What, then, is the whinge? No one is harming the bees. They’re not kept captive. They do what they do naturally, but more comfortably because, in order to collect the honey, humans have provided hives that are designed to be more comfortable than swarming in trees.

Beekeepers place those hives close to the source of nectar so the bees can fly shorter journeys to produce the honey. It’s hard to see what could possibly be wrong with this partnership that has characterised human behaviour for millennia.

Despite this, the dogmatists retort that, as bees are bred and kept for the whole purpose of producing honey, it is a form of animal exploitation. What an ignorant and laughable contention. Human beings have a crucial role in the chain through which the natural world works. In fact, if we are to repair the damage we have done to our planet by not understanding that role, we need more beekeepers, not fewer.
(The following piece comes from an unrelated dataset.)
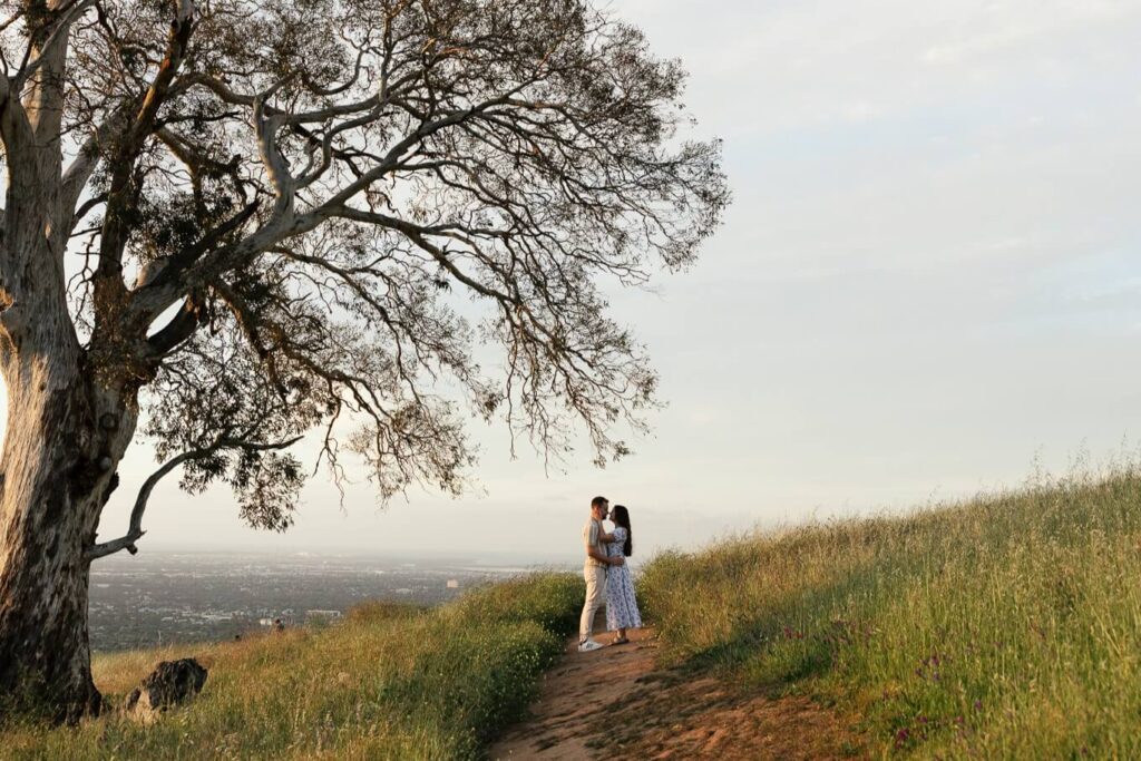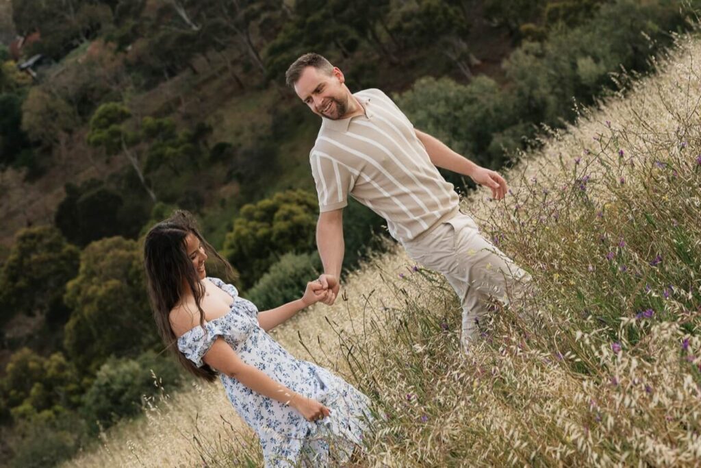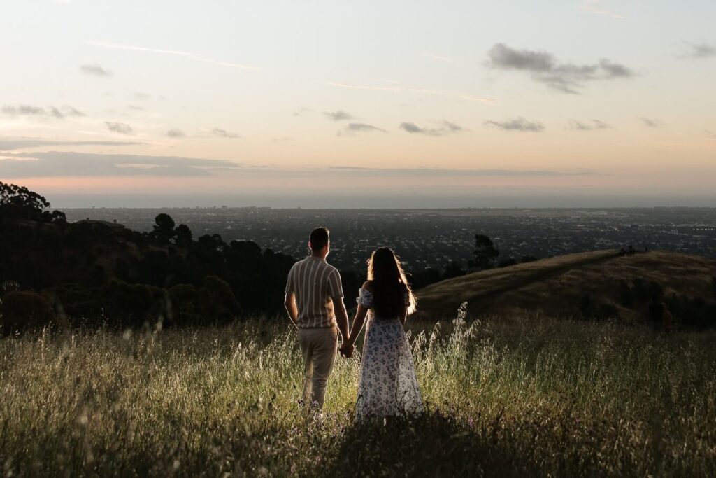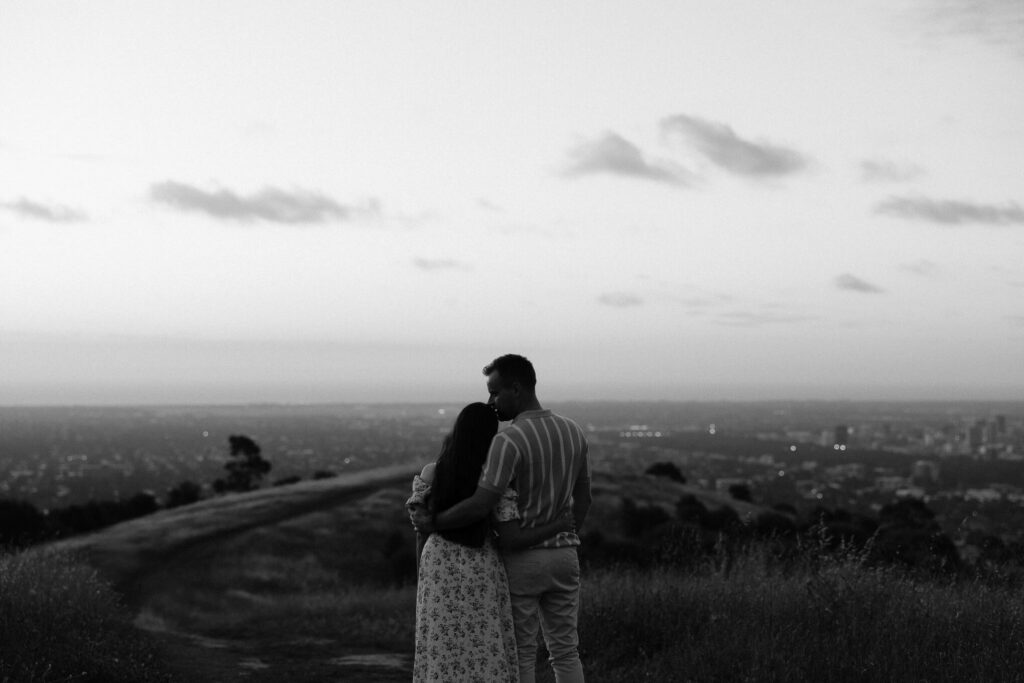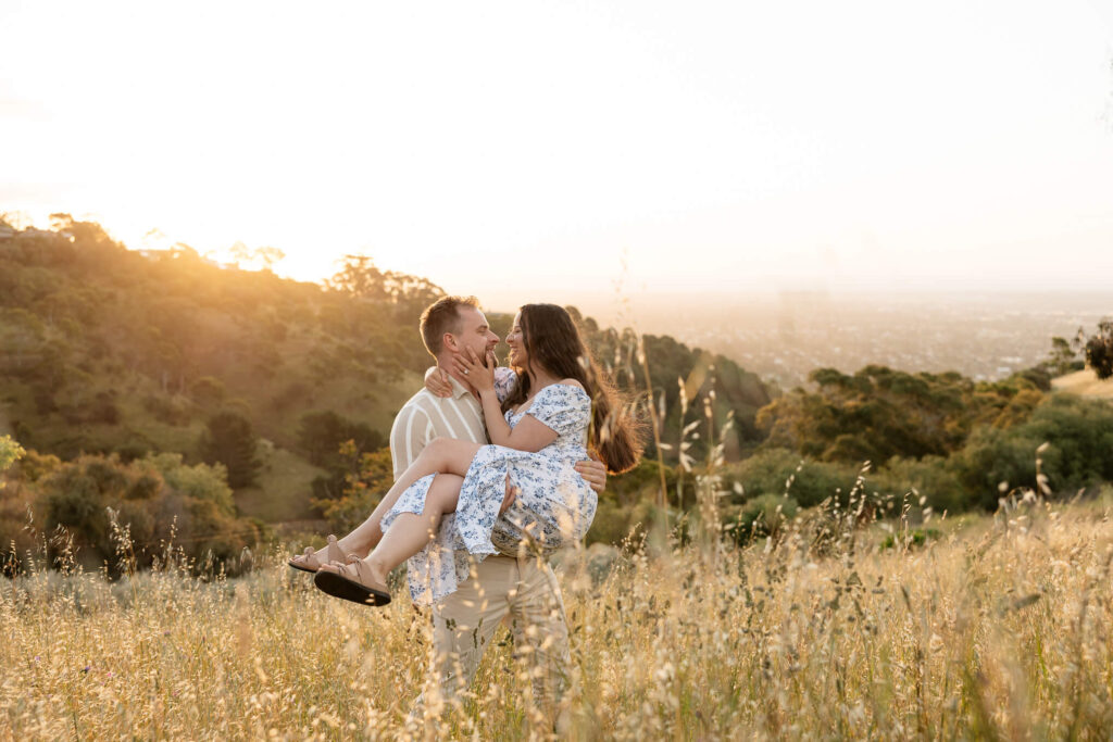 Dani and Max’s engagement session at Mt Osmond Lookout captured a joyful, carefree afternoon. Golden sunlight filtered through the landscape before giving way to a soft pinkish sky, providing a beautiful backdrop as the couple laughed, danced, and shared sweet moments together. Their connection and happiness shone through in every frame — a perfect way to celebrate this special chapter of their story.

Pollination is a vital part of recovering our ability to feed people in a world increasingly threatened by food insecurity. That’s why there’s a battle to ban neonicotinoids. These chemicals kill bees. The vegans would kill them even more certainly by stopping the use of their honey and replacing it with the artificial concoctions that are advertised as bee-less honey.

Bee-less honey means fewer bees. Eating real honey means more bees, better pollination and higher yields. Fake honey provides none of these benefits and is the product of an ill-founded, urban attitude to the way the natural world works. It deserves to be ridiculed.